Timing of tumor excision in pregnant women will depend on the gestational age at which di-agnosis is made, fetal development, and the severity of maternal symptoms. Surgery should be avoided in the first trimester — as organogenesis is incomplete and miscarriage is highly likely — as well as in the third trimester — because by then the enlarging uterus precludes adequate access and visualization of the abdomen (12). Thus, the second trimester is recommended as the ideal time for surgical intervention. Surgical removal is recommended before 24 weeks of gestation (3, 5, 7, 8). However, after 24 weeks of gestation, the patient can be treated with the appropriate α-adrenergic blockade until the fetus is viable, when the tumor can be removed after an elective cesarean section (4, 7, 8). In the current case, following a multidisciplinary consultation and with the patient's consent, and having been treated with prazosin for 10 days, she underwent laparoscopic adrenalectomy at 24 weeks gestation.

Pregnancy was previously a contraindication to laparoscopy because of concerns regarding the potential effect of carbon dioxide on the developing fetus and the safe entry into the abdominal cavity due to the displacement of anatomy by the gravid uterus. Additionally, increased abdominal tension by the pneumoperitoneum could reduce the vena cava and the uteroplacental blood flows (1, 8). Nevertheless, previous concerns surrounding the potential adverse hemodynamic effects associated with pneumoperitoneum were unjustified, because these changes were no different when compared to open adrenalectomy (2). Moreover, catecholamine concentrations increase to a lesser extent with laparoscopic than with open adrenalectomy (2). Thus, laparoscopy is currently the safest adrenalectomy approach even for this high-risk population. Laparoscopy is a less invasive procedure that results in faster functional recovery, shorter hospital stay, and early ambulation, reducing the risk of thromboembolism and the need for opioid painkillers, which can affect fetal development. In addition, return of gastrointestinal function is also more rapid than with an open procedure (10, 11).
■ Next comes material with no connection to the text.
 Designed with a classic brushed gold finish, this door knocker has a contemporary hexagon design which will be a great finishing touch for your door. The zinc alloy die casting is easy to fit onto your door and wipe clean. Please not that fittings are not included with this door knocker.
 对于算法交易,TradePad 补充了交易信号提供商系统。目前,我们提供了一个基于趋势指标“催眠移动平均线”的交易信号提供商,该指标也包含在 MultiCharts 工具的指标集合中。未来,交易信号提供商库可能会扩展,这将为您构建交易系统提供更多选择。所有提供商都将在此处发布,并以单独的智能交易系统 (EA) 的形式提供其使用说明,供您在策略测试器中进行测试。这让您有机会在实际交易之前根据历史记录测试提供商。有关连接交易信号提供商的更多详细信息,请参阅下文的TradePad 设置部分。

Small incisions decrease the potential for herniation with the increased pressure of the gravid uterus and, in addition, laparoscopy offers enhanced visualization without manipulating the uterus, resulting in reduced risk of preterm labor (1, 2, 5, 8). These benefits combined with the expertise of the surgical team and a multidisciplinary approach make laparoscopy a safe, effective, and minimally invasive option for adrenalectomy for PCC in pregnancy (1).
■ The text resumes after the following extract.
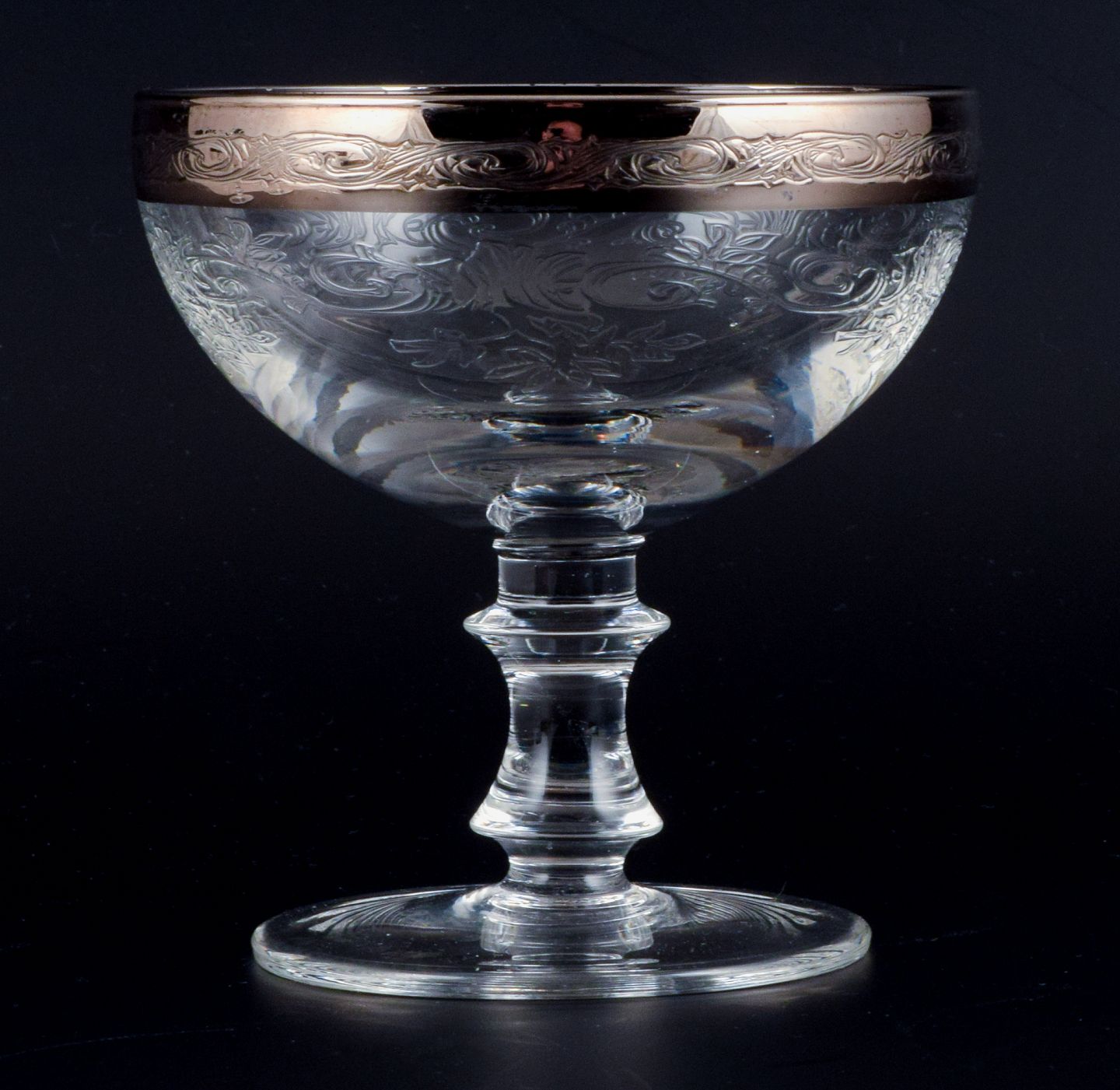 Murano, Italy, six mouth-blown engraved champagne glasses with silver rim. Mid 20th century. In perfect condition. Dimensions: H 12.2 x 10.0 cm.

Importantly, perioperative management includes treatment of both mother and fetus (4). In the current case, management was effective, without intra or postoperative complications, resulting in complete resolution of the disease. Despite the perinatal fetal demise, maternal safety was pre-served and delaying surgical resection could have increased the risk of catastrophic complications in late pregnancy.

CONCLUSIONS

PCC is a rare but important cause of hypertension in pregnancy. It should be included and investigated as a differential diagnosis in cases of labile hypertension in pregnant women with or without associated symptoms, because inadequate treatment considerably increases maternal and fetal mortality. Management of PCC during pregnancy should be discussed on a case by case basis by a multidisciplinary team. Surgical resection is recommended during the second trimester of pregnancy. Considering its benefits and the expertise of the surgical team, laparoscopic surgery is the favored technique.